I really try not to use processed meat substitutes for the most part, but i do keep Quorn “chikn” tenders in my freezer for quick fix meals. You could use any commercial chicken substitute, or tempeh or seitan or even firm tofu. Or real chicken, if you swing that way.
1 C cooked chicken substitute
1/3C assorted dried fruit(I used cranberries, golden raisins and diced apricots, but use whatever sounds good to you)
1/4 C chopped almonds
2 stalks celery, diced
2 green onions, sliced
1/2 C greek yogurt
1/4 C sour cream
This is the simplest recipe ever-mix everything together and let it sit for half an hour to let the flavors marry. That’s it!

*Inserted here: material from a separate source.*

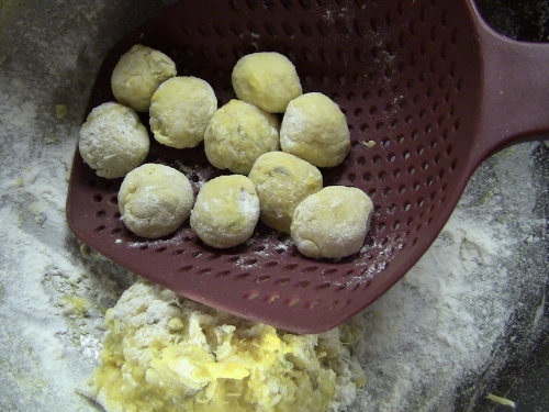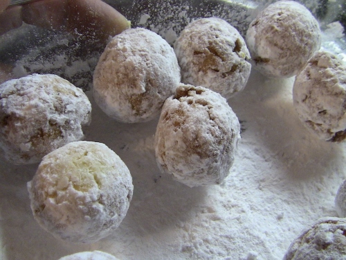 you want itty bitty balls, about a inch to a inch an quarter, once your oil is ready drop them in and when they are cooked they will float and self-flip after browning, check the other side and use your favorite fritter covering, some like them with a drizzle of jam, others honey, others like them in a sugar roll, I like them in iced sugar covering, you could also glaze them if you wanted..

Serve on a roll, on a bed of lettuce, or (my favorite!) inside a hollowed out tomato.
Serves 2-4, depending on what you have with it
Let’s talk about salad dressing. But first, let’s talk about Crescent Dragonwagon.

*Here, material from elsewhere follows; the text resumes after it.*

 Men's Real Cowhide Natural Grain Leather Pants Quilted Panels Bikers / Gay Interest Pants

My first cookbook was a Christmas present. Passionate Vegetarian by Crescent Dragonwagon. And so my obsession with cookbooks began. I love this cookbook. I’m even on my second copy, I used the first so much I wore it out.
It was my first introduction to the idea of salads beyond the buffet restaurant salad bar. Something intentional, where you combined things together purposefully, not just everything you liked? And making salad dressings? Oh my word! What a concept!

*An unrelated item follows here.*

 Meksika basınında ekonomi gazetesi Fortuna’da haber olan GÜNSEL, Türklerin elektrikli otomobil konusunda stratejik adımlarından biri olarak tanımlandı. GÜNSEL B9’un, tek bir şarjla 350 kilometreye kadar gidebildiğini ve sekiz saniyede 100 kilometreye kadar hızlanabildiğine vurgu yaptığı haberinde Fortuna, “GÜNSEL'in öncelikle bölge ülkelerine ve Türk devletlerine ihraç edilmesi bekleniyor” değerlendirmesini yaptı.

One of the first things I tried from this cookbook was a recipe she calls “The Salad”. In her incarnation, it is a variety of absolutely perfect greens, with a garlicky dressing made right on the salad. Love at first bite! But over the years, it has become something slightly different for me. Less perfect greens(they’re hard to come by in the seasons I’m not growing them myself), more other veggies. Sometimes I use red wine vinegar instead of lemon juice. It changes a little every time, but the basic makeup always stays the same, and it is always delicious.
So, without further ado, my Crescent Dragonwagon inspired recipe for salad-
6-8 cups of mixed greens and veggies(green beans, tomatoes, romaine hearts, arugula and spring mix is one of my favourite combinations, but use whatever you like that is available to you. The important thing is that all your veggies are dry, or the dressing won’t stick!)
3-4 tbsp olive oil
4-6 cloves of garlic
salt and fresh ground black pepper
1 lemon, halved, or 2-3 tsp red wine vinegar
dash of Worcestershire sauce
Put the olive oil in your salad bowl. peel your garlic cloves, and either press them directly into the oil, or mince them finely and put them in the oil, or mash them with a mortar and pestle and get them in the oil. Any way works, as long as you get pulverized garlic cloves into the olive oils! Add your vegetables and toss to combine. Add salt and pepper, a few sprinkles of lemon juice or vinegar and the Worcestershire sauce. Toss again. Taste it-does it need more of anything-salt, pepper, lemon/vinegar? Keep tasting and adding until your salad is perfect. Serve immediately, this salad does not wait around!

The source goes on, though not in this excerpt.